## Problem to solve
I'd like the data below restated word for word, with the pictures left out.

## Data extract
= Beginning of Section =

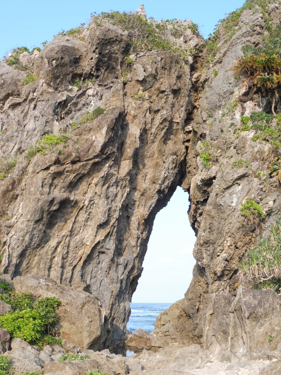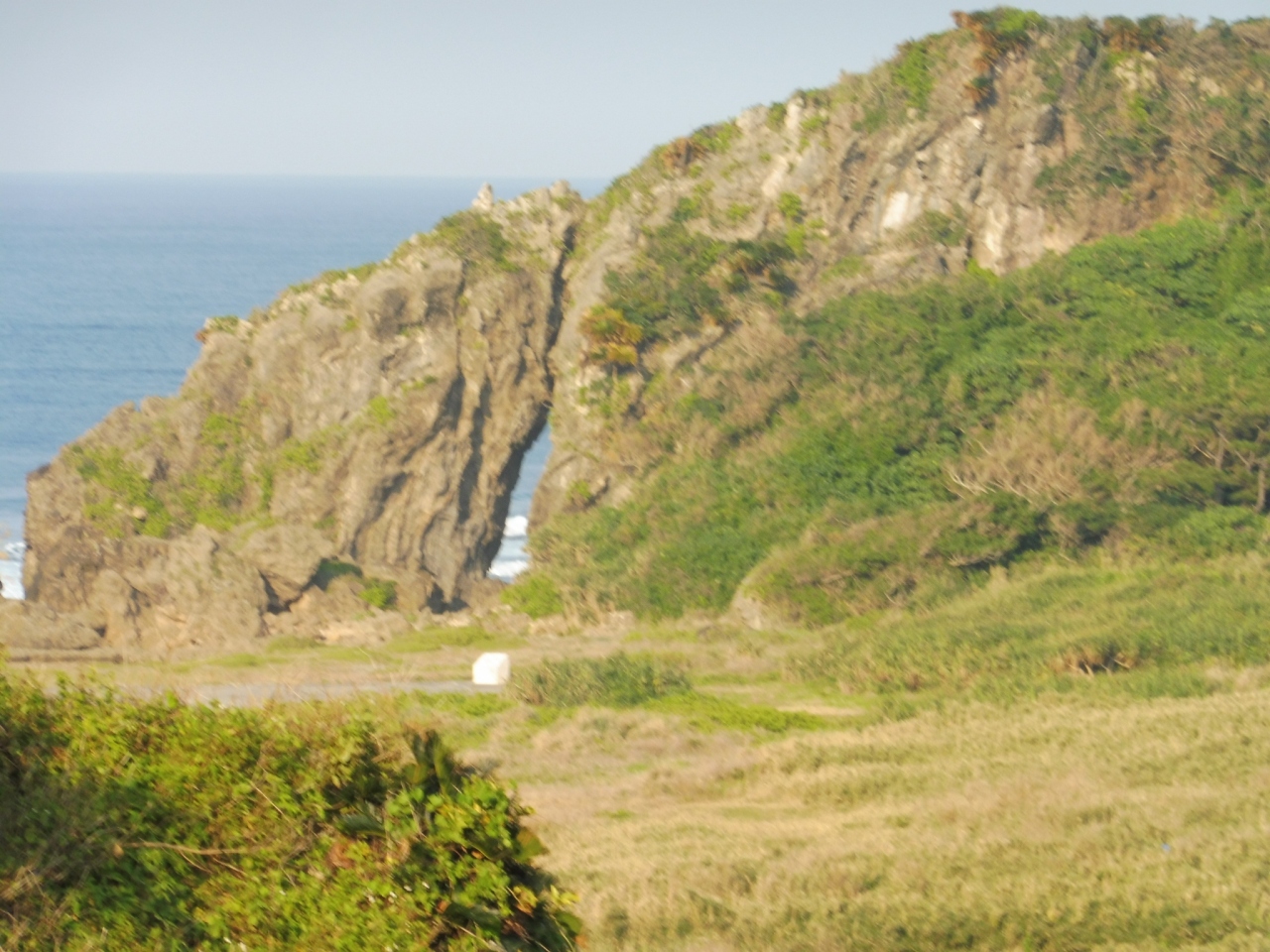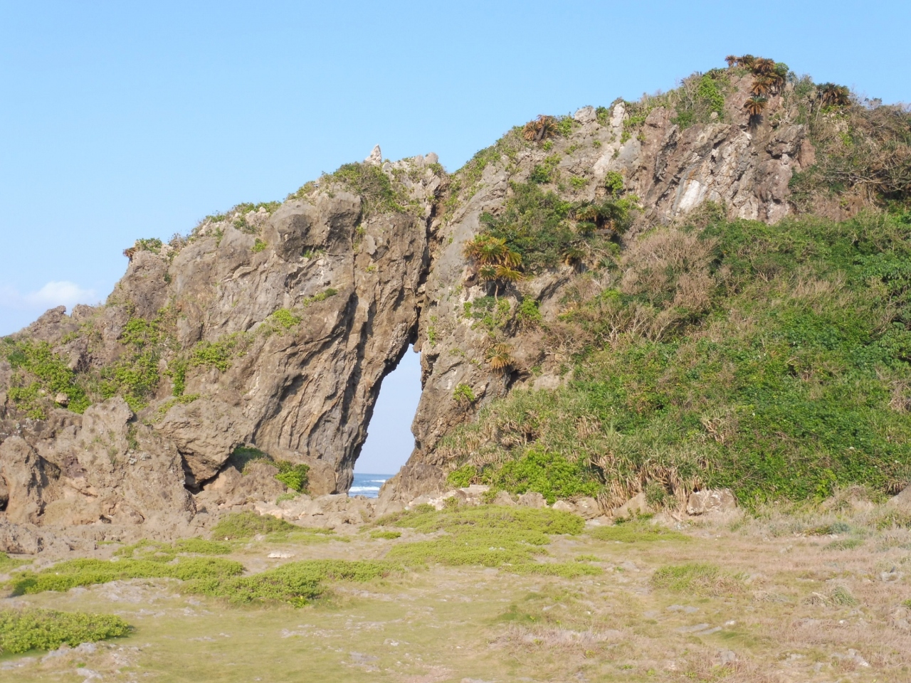 巨大な岸壁に大きな穴が開いている久米島を代表する景色です。
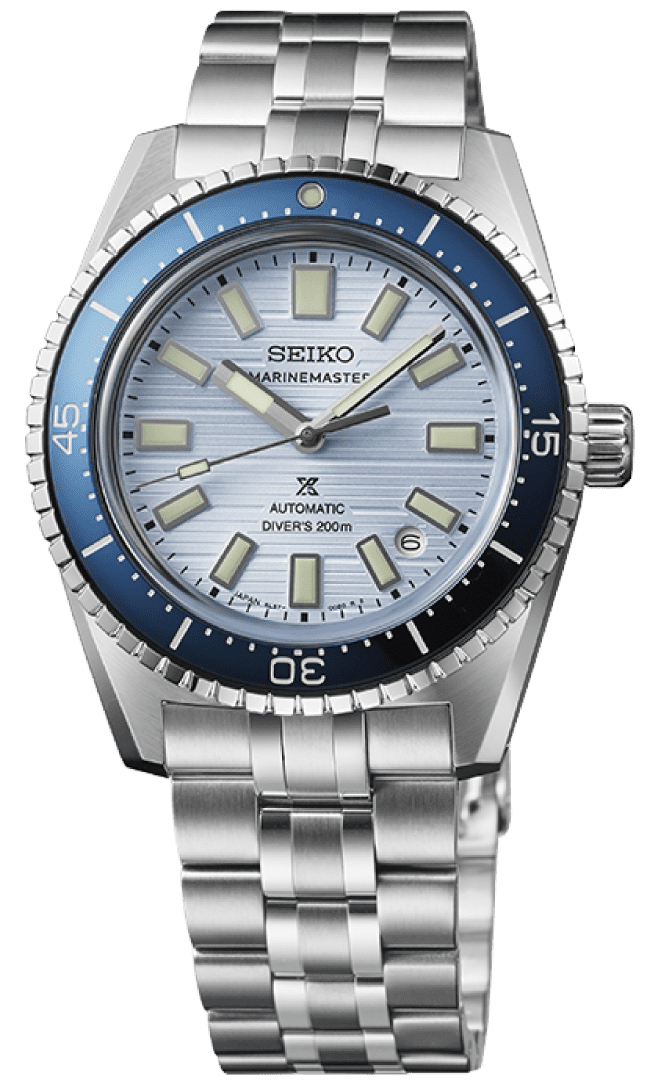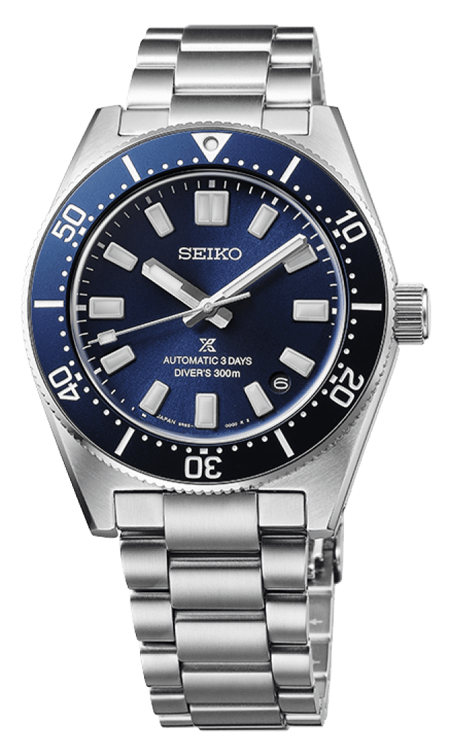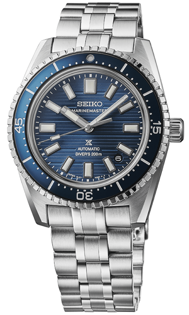 「このきれいなブルーダイヤルに惹かれます。どこか海っぽい感じもしますよね(坂口)」。セイコー プロスペックス マリンマスター ダイバーズ 1965 ヘリテージ「SBEN007」セイコーウオッチサロン専用モデル。自動巻、SSケース、200m空気潜水用防水、ケース径39.5㎜、ケース厚12.3㎜。製品の詳細はこちら ≫
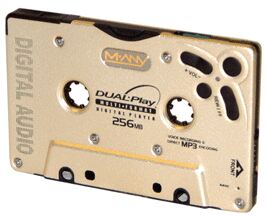 Форма оправдывает ожидания - эту "кассетку" можно воткнуть в обычный кассетный магнитофон и слушать музыку. Ну, нет магнитофона - тогда просто так послушать можно :) Благо, 256 Мб хватит на 4 часа. Спецификация обычная: 1.2В никель-металл аккумулятор, слот для MMC, слот для USB, размеры 6.3 x 10 х 1.2 см, линейный выход, встроенный диктофон, понимает MP3,WMA, может записывать звук (с высоким битрейтом!).
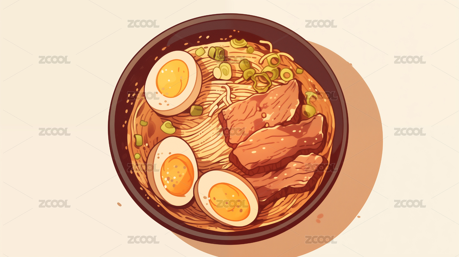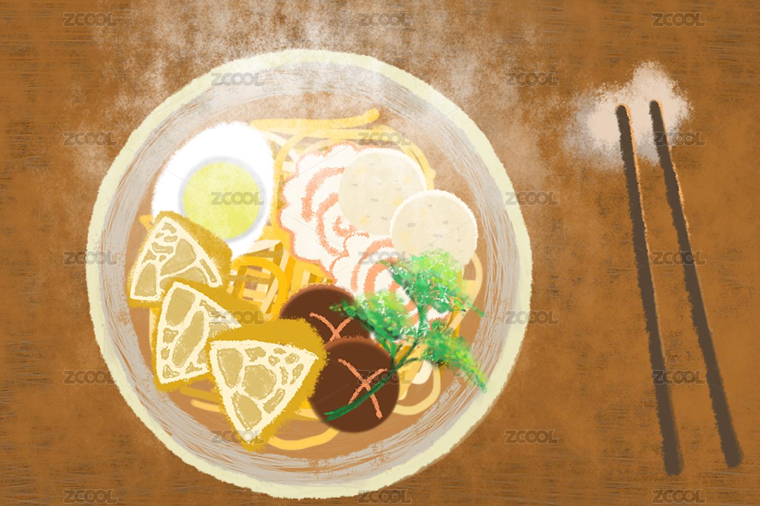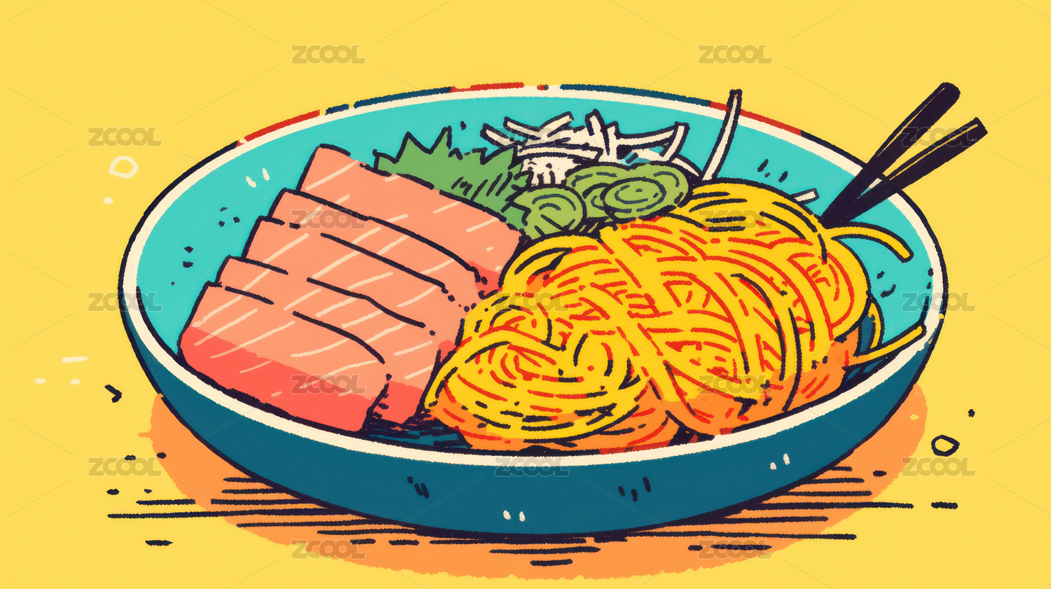 手绘卡通牛肉拉面插画

= End of Section =

## Solution for this problem
 巨大な岸壁に大きな穴が開いている久米島を代表する景色です。
 「このきれいなブルーダイヤルに惹かれます。どこか海っぽい感じもしますよね(坂口)」。セイコー プロスペックス マリンマスター ダイバーズ 1965 ヘリテージ「SBEN007」セイコーウオッチサロン専用モデル。自動巻、SSケース、200m空気潜水用防水、ケース径39.5㎜、ケース厚12.3㎜。製品の詳細はこちら ≫
 Форма оправдывает ожидания - эту "кассетку" можно воткнуть в обычный кассетный магнитофон и слушать музыку. Ну, нет магнитофона - тогда просто так послушать можно :) Благо, 256 Мб хватит на 4 часа. Спецификация обычная: 1.2В никель-металл аккумулятор, слот для MMC, слот для USB, размеры 6.3 x 10 х 1.2 см, линейный выход, встроенный диктофон, понимает MP3,WMA, может записывать звук (с высоким битрейтом!).
 手绘卡通牛肉拉面插画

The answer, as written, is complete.